== Segment start ==

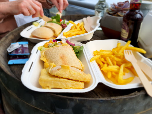 May Bank Holiday weekend and the place was extremely busy so have taken this into a account in my rating. Sat outside under the cover you have a fabulous view of Borth y Gest beach and beyond - unless a van or large 4x4 parks on the roadside, and then you see nothing. Staff very pleasant but waited a good half hour or more before our order taken. Then it was a further long wait for our coffees, which were far from hot, lukewarm actually, when the arrived. Waited a further half hour for our paninis and we even asked if they had forgotten us. I have to say were delicious when they finally arrived but we had well and truly finished our coffees and didn't wish to order more given time it took for our first cup to arrive. My friend had finished and asked for the bill to be told to go to the counter. I stopped eating for a moment to speak to my dog and when I looked up the remnant of my panini and salad had been cleared away. My friend mentioned when paying about the delays and the fact the coffees were cold and was told she could have asked for hot water!! I won't say I won't eat there again but I will be very loathe to, and it definitely won't be during holiday season and...
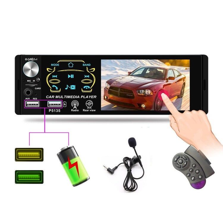 De TechU™ T-series zijn momenteel de beste autoradio's op de markt. Geniet van uw autorit met uw favoriete muziek!Aansluiting:De autoradio is gemakkelijk aan te sluiten dankzij de standaard maat. Er worden stekkers meegeleverd die u handmatig kunt doorverbinden met de huidige installatie in uw auto. Daarnaast is er ook 2 USB en 1 AUX aansluiting aan de voorzijde en 1 USB aansluiting aan de achterzijde. Aan de achterzijde zitten verschillende audio en video aansluitingen: achteruitrijcamera, subwoofer, video input/output, externe microfoon (meegeleverd), antenne, links en rechts audio input, links en rechts audio output en stroomkabel. Media PlayerHet ultieme 1 Din 4.1 inch HD touchscreen scherm zorgt voor optimaal plezier van de radio in de auto. Speel uw favoriete nummers af via Bluetooth, MP3, MP4, AUX, SD of USB of luister naar de radio. Ook kunt u zelfs HD videos bekijken via de radio als uw telefoon is
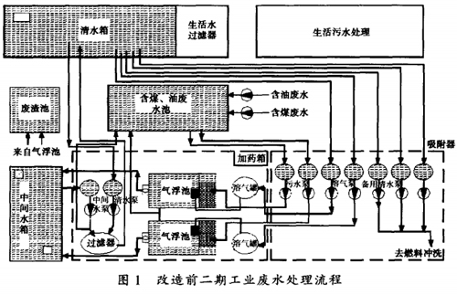 电厂废水处理系统见图l。该系统将收集的循环排废水、燃料冲洗水和燃油泵房废水经过加药、气浮、石英砂过滤器处理后,回用于生产以及绿化。此处理系统一直不能正常运行。主要存在如下问题:
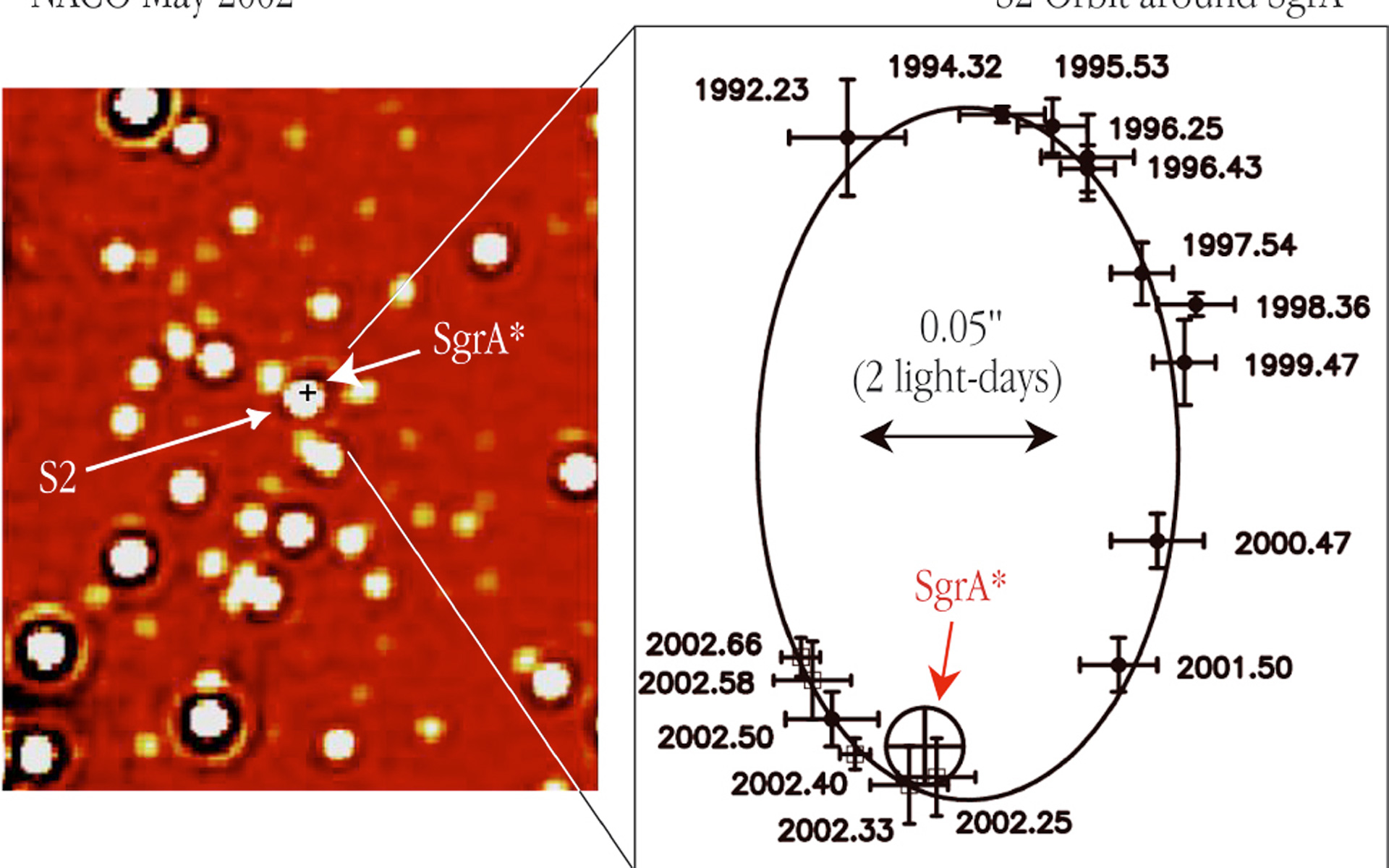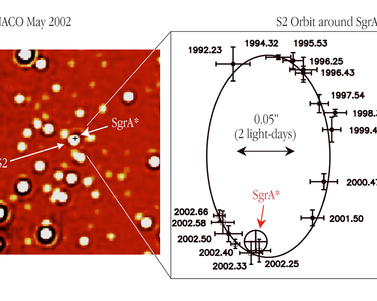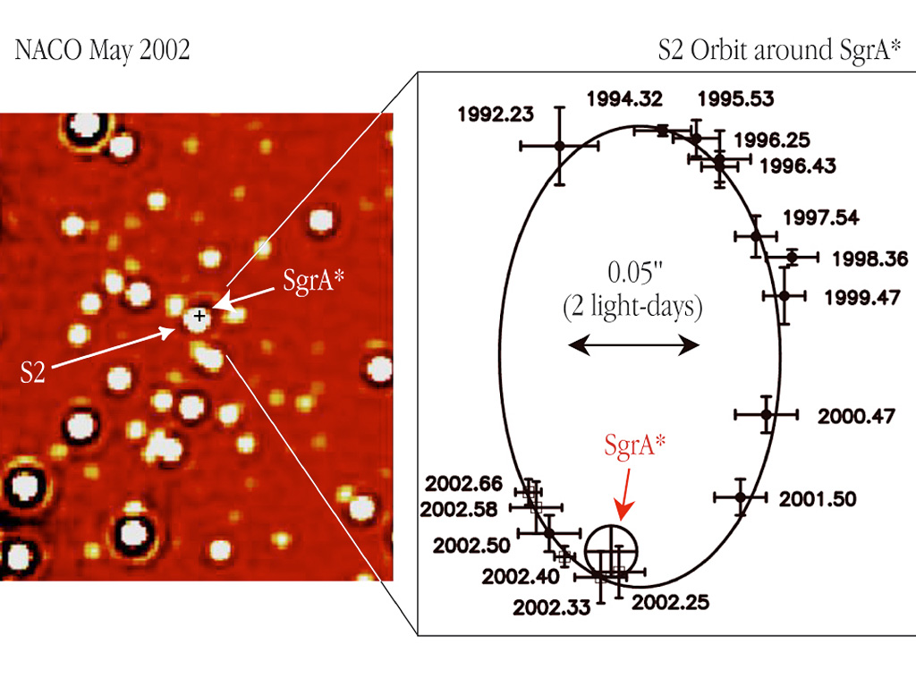 The left panel shows an infrared NACO image of a ~ 2 x 2 arcsec 2 area, centred on the position of the compact radio source "SgrA*" at the centre of the Milky Way Galaxy; it is marked by a small cross. The image was obtained in the K s -band at wavelength 2.1 µm in May 2002 and the angular resolution (image sharpness) is about 0.060 arcsec. At about the same time, the star designated "S2" came within 0.015 arcsec of the radio source. At the distance of the Milky Way Center, 1 arcsec on the sky corresponds to 46 light-days; the bar is 20 light-days long (0.44 arcsec). The right panel displays the orbit of S2 as observed between 1992 and 2002, relative to SgrA* (marked with a circle). The positions of S2 at the different epochs are indicated by crosses with the dates (expressed in fractions of the year) shown at each point. The size of the crosses indicates the measurement errors. The solid curve is the best-fitting elliptical orbit - one of the foci is at the position of SgrA* . The 2002 data points come from NACO observations done during the early commissioning, fine adjustement, and Science Verification phases for this instrument
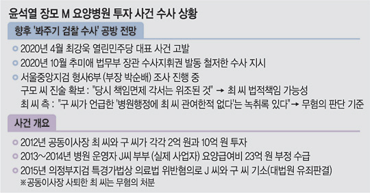 3일 문화일보 취재에 따르면 이 사건을 수사 중인 서울중앙지검 형사6부(부장 박순배)는 최근 최 씨의 동업자와 요양병원 운영자 등을 잇따라 소환 조사했다. 특히 이 과정에서 검찰은 최 씨와 함께 요양병원 공동이사장을 지낸 구모 씨로부터 “책임면제각서는 위조된 것”이라는 취지의 진술을 확보하고 수사를 진행하고 있는 것으로 알려졌다. 최 씨는 2015년 경찰과 검찰 수사 당시 ‘병원 운영과 관련해 법적 책임을 묻지 않는다’는 내용의 책임면제각서를 제출했다. 경찰은 수사 결과 최 씨가 요양병원 운영에 개입하지 않았으며 오히려 투자금을 돌려받지 못한 피해자에 가깝다고 봤고 검찰도 이를 그대로 인정하면서 최 씨를 기소하지 않았다. 특히 최근 검찰 조사에서 “최 씨에게 책임면제각서를 써준 적이 없다”고 진술한 구 씨가 이와는 반대되는 취지의 발언을 한 녹취록이 확인되면서 진술의 신빙성에 의문이 제기되고 있다. 구 씨는 2017년 7월 최 씨와의 전화통화에서 “요양병원 행정에 대해 관여한 바가 없다고 각서를 써준 것이 있지 않느냐”는 최 씨의 물음에 “그런 게 있다”고 대답한 것으로 알려졌다. 실제로 윤 총장의 장모 최 씨가 병원운영에는 관여하지 않았다는 것이다. 최 씨 측은 해당 녹취록에 대해 이미 속기사무소의 공증을 거친 상태로 이를 검찰에 제출할 방침이다. 최 씨 측은 문화일보와의 통화에서 “정치적 사건으로 프레임이 뒤바뀌어버려 답답하다”면서도 “검찰 측에서 부른다면 관련 자료를 제출하고 성실하게 응할 방침”이라고 밝혔다.
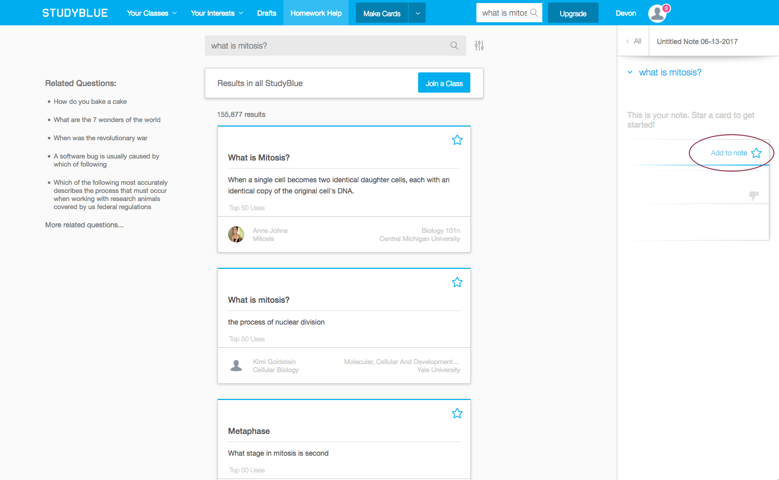 One of StudyBlue’s most ambitious features is called HomeWork Help. It allows students to ask questions and receive answers in the form of repeatable study materials.
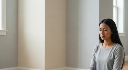 A woman enjoys a moment of meditation in a serene indoor space. Natural light spills through the window, creating calming patterns on the wall, enhancing her peaceful expression.
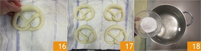 Legen Sie sie auf ein gut bemehltes Tablett 16 und fahren Sie so fort, bis Sie alle fertig haben. Lassen Sie sie 30 Minuten gehen 17, dann stellen Sie sie eine Stunde in den Kühlschrank. Kurz bevor die Stunde verstrichen ist, bringen Sie das Wasser zum Kochen, und wenn es kocht, fügen Sie das Natron hinzu 18.
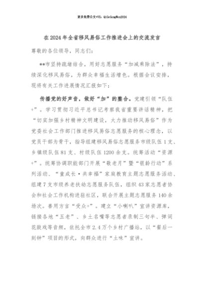 / 【七哥公文】2024年:在2024年全省移风易俗工作推进会上的交流发言+更多免费公文+VX:QiGeGongWen2024
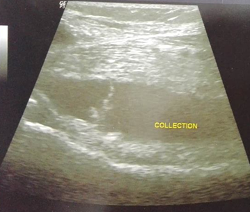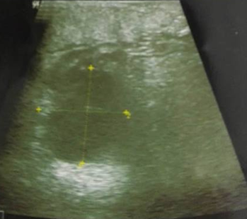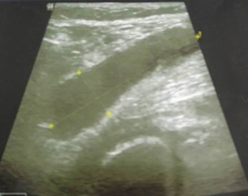 Doppler ultrasound showed no thrombophlebitis but objectified a right popliteal cyst ruptured in the calf (Figure 1 & 2) with a huge fluid collection into the right gastrocnemius muscle layers (Figure 3). The patient was treated with oral and topical nonsteroidal anti-inflammatory drugs for two weeks with favorable outcomes: progressive disappearance of pain and swelling of the calf with return to normal ten days after treatment. The two-week follow-up ultrasound showed complete resorption of the fluid collection in the calf.
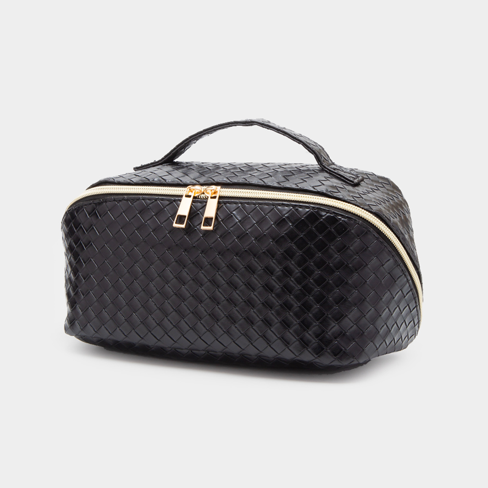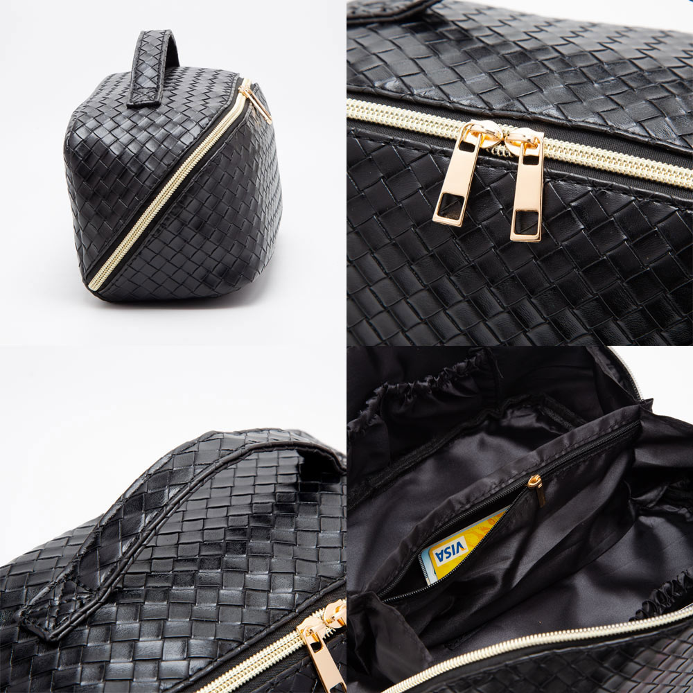 Woven Detailed Solid Tote Bag / Travel Cosmetic Bag

== Segment end ==

* [BRIEF] Please repeat the lines above from the line containing "Doppler ultrasound showed" through the final line, both included, exactly as they stand and without pictures.

* [RESULT FOR THIS TASK]
 Doppler ultrasound showed no thrombophlebitis but objectified a right popliteal cyst ruptured in the calf (Figure 1 & 2) with a huge fluid collection into the right gastrocnemius muscle layers (Figure 3). The patient was treated with oral and topical nonsteroidal anti-inflammatory drugs for two weeks with favorable outcomes: progressive disappearance of pain and swelling of the calf with return to normal ten days after treatment. The two-week follow-up ultrasound showed complete resorption of the fluid collection in the calf.
 Woven Detailed Solid Tote Bag / Travel Cosmetic Bag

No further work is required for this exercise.